The African National Congress (ANC), which has governed South Africa since the end of apartheid, is in serious trouble. Unfortunately, the country may not be far behind.

In 1994, the ANC — widely credited with ending decades of white minority rule — came to power with a near-monopoly on political legitimacy among the country’s black majority. Together with president Nelson Mandela’s moral authority, this status helped the party to accommodate a wide range of interests and establish a stable economic order without losing the support of poor black voters, many of whom fell outside that order.

Although supporters’ expectations were high, so was their patience — a dynamic reinforced by the ANC’s liberation mythology and early successes in expanding housing, electricity, and social grants.

Nearly 20 years later, this patience has worn thin. While poverty has decreased slightly since 1994, inequality has vaulted upward, fuelled by extreme unemployment, state incapacity, corruption, and affirmative-action policies skewed towards the upper reaches of the economy (not to mention the pernicious legacy of apartheid).

Rapid urbanisation has increased the number of people living in settlements surrounding the country’s major cities, where deprivation is especially stark and government malfeasance is more widely felt. Meanwhile, a new generation of ‘born free’ South Africans are not swayed solely by the ANC’s historical credentials, especially with youth unemployment near 45 per cent.

As a result, the ANC’s monopoly on legitimacy is loosening. Although still electorally dominant, the party’s parliamentary representation has dropped below the two-thirds threshold required to change the constitution. And, if the 2011 local elections are any indication, its popular backing continues to decline (the ANC won just 63 per cent of the vote). Meanwhile, growing apathy and discontent with the scope and pace of economic change has substantially reduced voter turnout.

Beyond the ballot box, violent, inequality-driven protests are on the rise, as citizens step outside the ANC and its affiliates to demand economic improvements. There has been a boom in so-called ‘service-delivery protests’ in the settlements surrounding urban areas.

Last year’s wave of wildcat strikes in the mining sector — which precipitated the infamous Marikana massacre — ended up shaving 0.5 per cent off the country’s GDP growth in 2012. Recent labour unrest on wine farms in the western Cape reflects the same dynamic. While violence and instability have long marred the informal sector — witness the country’s high crime rate and frequent attacks on foreign traders — they are becoming more common in the formal sector as well.

Zuma re-election

These structural, ‘bottom up’ pressures will continue to weigh on South Africa, making 2013 another year fraught with political risk. President Jacob Zuma’s sweeping re-election as ANC president at the party’s December conference was a defeat for the most radical factions, and will foster a more decisive government than the country had in 2012. But the ANC leadership will alienate leaders and constituencies from the very same areas where protests and strikes are most common, including Gauteng, western Cape, swaths of eastern Cape and Free State, and mining communities in North West and Limpopo.

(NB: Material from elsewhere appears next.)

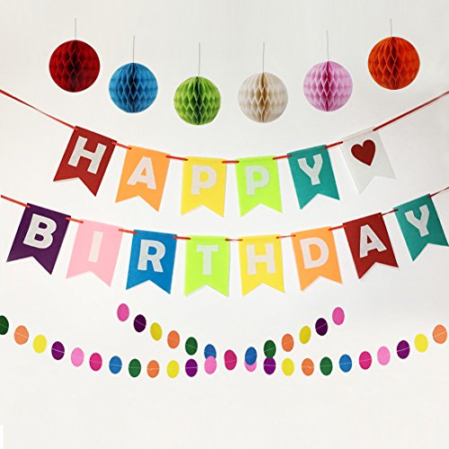 Studio : Elegant Publisher : Elegant Binding : Health and Beauty Product Description 1. Elhpbwhty Soft Felt Cloth Happy Birthday Banner Flags Sign Decorations Set with Colorful Pom Pom Balls Garland for Birthday Party Decorations Supplies 2. 5.12*7.09 inch each banner, it have 14 letter birthday banners, 6 pcs 6inch Colorful Tissue Pom Pom Ball and 4M Garland 3. Each banner have each one color. 6 colors Pom Pom Ball and and 7 colors circles garland 4. You can use it indoors or outside to decorate a birthday party in any location 5. Hope you have a nice party with your family and friends. 0
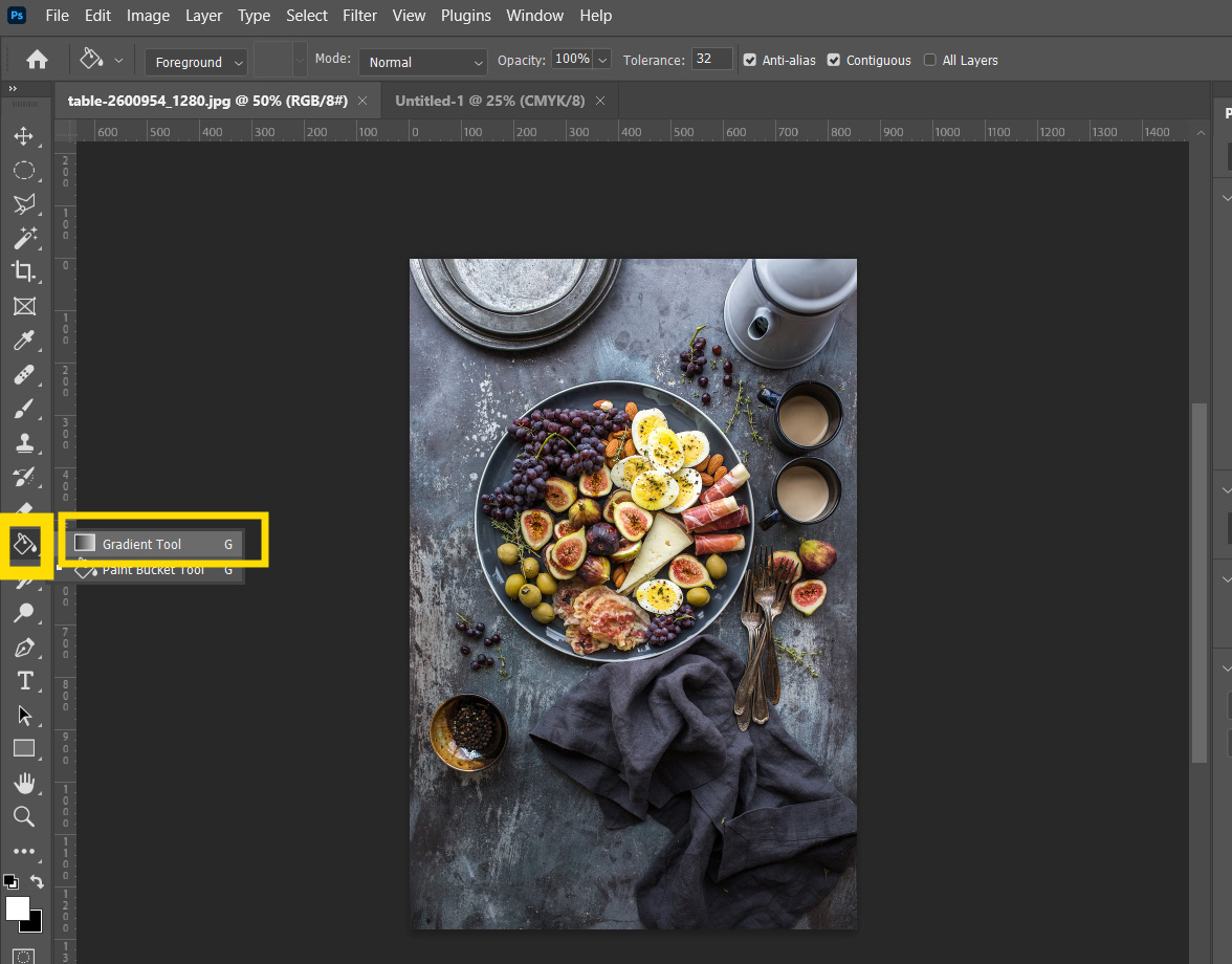 레이어 마스크가 적용되었다면 다시 도구툴 박스로 돌아와서 그라디언트 툴을 선택하여

Government efforts to control provincial spending will exacerbate tensions, as will the growing influence of Zulus in Zuma’s ANC. Retrenchment and shutdowns at gold and platinum mines — as well as the expiration in June of wage agreements in the gold and coal industries — will almost certainly spark more labour unrest, especially considering the growing rivalry between the ANC-aligned National Union of Mineworkers and the more militant Association of Mineworkers and Construction Union.

Given that the ANC’s overwhelming priority is to maintain political dominance in the 2014 elections, the party will be tempted to win public support through increased spending and statist policies, rather than implementing critical structural reforms that investors demand.

Although the ANC dismissed proposals to nationalise the country’s mines, its embrace of ‘strategic state ownership’ has brought further policy uncertainty to the sector while paving the way for a weightier government presence in related industries like energy and steel.

Similarly, the party’s endorsement of the pragmatic National Development Plan and the election of popular labour leader-turned-billionaire Cyril Ramaphosa as deputy president are unlikely to stem the risks that it now faces.

The NDP’s most urgent proposed measures — more flexible labour laws, education reform, and rationalising local government — will be watered down by vested interests and weak governance, while its (otherwise welcome) emphasis on expanding infrastructure will be undermined by political favouritism and corruption.

Ramaphosa’s respectability will undoubtedly provide the party (and the scandal-plagued Zuma) with some badly needed cover. But the ANC government will still have to focus on short-term measures and patronage in order to shore up its electoral support. Without these steps, continued bouts of social unrest may well shake investor confidence more than unwelcome policies do.

The ANC no longer has sufficient credibility with poor South Africans to ask for continued patience in achieving “a better life for all.” It is no longer 1994, and Zuma is no Nelson Mandela.

— Project Syndicate, 2013

 

Ian Bremmer is President of Eurasia Group and the author of Every Nation for Itself: Winners and Losers in a G-Zero World. Mark Y. Rosenberg is Africa Analyst at Eurasia Group.